Tempo.Co, Surabaya - Aparat Direktorat Jenderal Bea dan Cukai mengungkap impor pulpen merek Standard palsu dari Cina. Impor alat tulis tiruan yang dilakukan oleh PT PAM itu berhasil dibongkar Bea Cukai di Pelabuhan Tanjung Perak Surabaya pada Senin, 6 Desember 2019.
Menurut Direktur Jenderal Bea dan Cukai Heru Pambudi, pulpen palsu itu disita dari sebuah kontainer yang berisi 858.240 buah pulpen bertuliskan merek Standard AE7 Alfa Tip 0.5 Made in Indonesia dengan perkiraan nilai barang sekitar Rp 1.019.160.000.
Meski jumlahnya relatif kecil, kata Heru, pengungkapan kasus pemalsuan merek itu yang pertama dilakukan setelah Peraturan Mahkamah Agung (Perma) Nomor 06 Tahun 2019 berlaku. Peraturan itu membuat sinergi antar-lembaga penegak hukum makin cepat dan efisien.
“Dengan disahkannya Perma 06, sistem otomasi kepabeanan barang-barang HKI yang menjadikan kegiatan pengawasan HKI lebih optimal, karena Bea Cukai, MA, Ditjen Kekayaan Intelektual dan Pengadilan Niaga terintegrasi,” kata Heru dalam konferensi pers di PT Terminak Petikemas Surabaya, Kamis, 9 Januari 2020.

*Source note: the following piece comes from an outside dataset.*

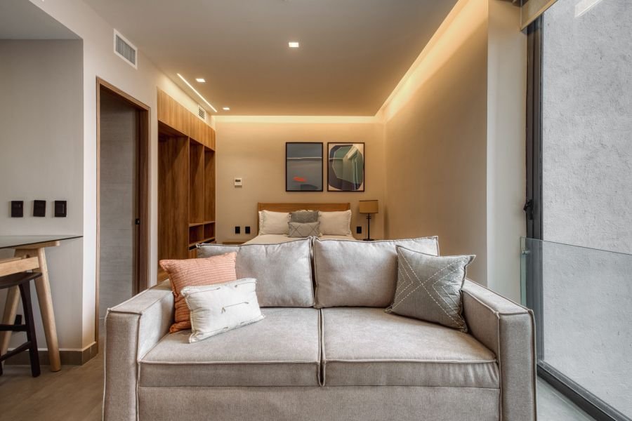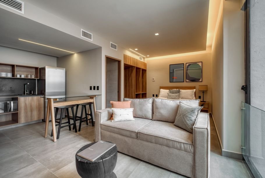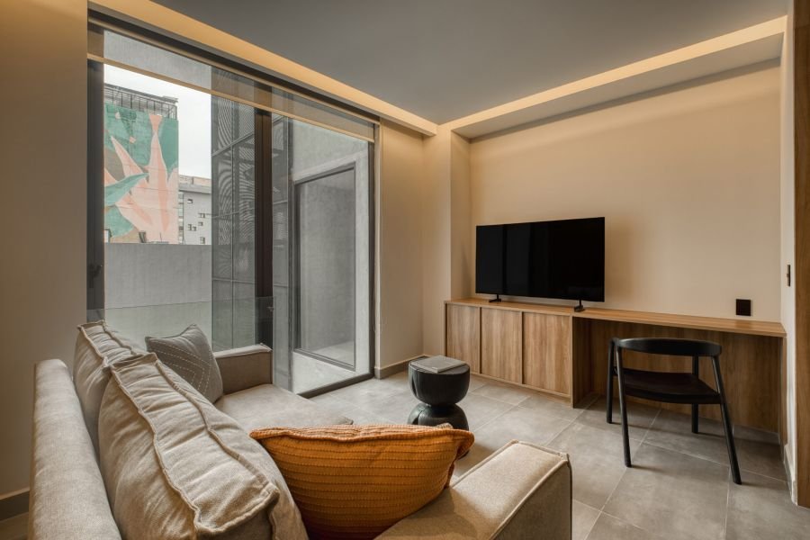 The apartment is part of a building located in Colonia Americana, with a shopping center right below that gives you access to cafés, restaurants, and shops without leaving your doorstep.

Sinergitas itu dibuktikan saat Heru menunda sesi jumpa wartawan karena menanti putusan sidang kasus tersebut yang sedang berlangsung di Pengadilan Niaga Surabaya. Sidang sempat diselingi dengan peninjauan barang bukti di lapangan oleh hakim. Setelah persidangan dibuka lagi, hakim memutuskan menangguhkan perkara itu.
“Artinya sudah terbukti bahwa ada pemalsuan merek ballpoint, sekarang tinggal tergantung pada pemohon apakah melanjutkan kasus itu ke ranah pidana ataukah perdata,” kata Ketua Pengadilan Niaga Surabaya Nur Syam.
Direktur Tindak Pidana Ekonomi Khusus Bareskrim Polri Brigadir Jenderal Daniel Tahi Monang Silitonga berujar PT Standardpen Industries telah melaporkan pemalsuan produk itu sejak akhir 2019. Laporan segera ditindaklanjuti dengan melakukan penyitaan ballpoint merek Standard yang diduga palsu. “Ada sekitar 12.196.000 pak yang kami sita dari wilayah Jawa Barat, Jawa Tengah dan Jawa Timur,” katanya.
Direktur Utama sekaligus CEO PT Standardpen Industries Meguastian Susanto menuturkan jaringan pemalsuan merek itu sangat rapi sehingga tak mudah terdeteksi. Sebab, ada kerja sama antara penjual dengan pemasok barang. Dia mengatakan pertama kali mengetahui produknya dipalsu sejak 2005.
Susanto mengaku mengalami kerugian besar atas tidak pemalsuan itu. “Value di pabrik sekitar Rp 3 miliar, kalau di retail mungkin sampai Rp 6 miliar. Tapi selama 15 tahun terakhir dipalsukan, kerugian kami di atas Rp 1 triliun,” kata Susanto.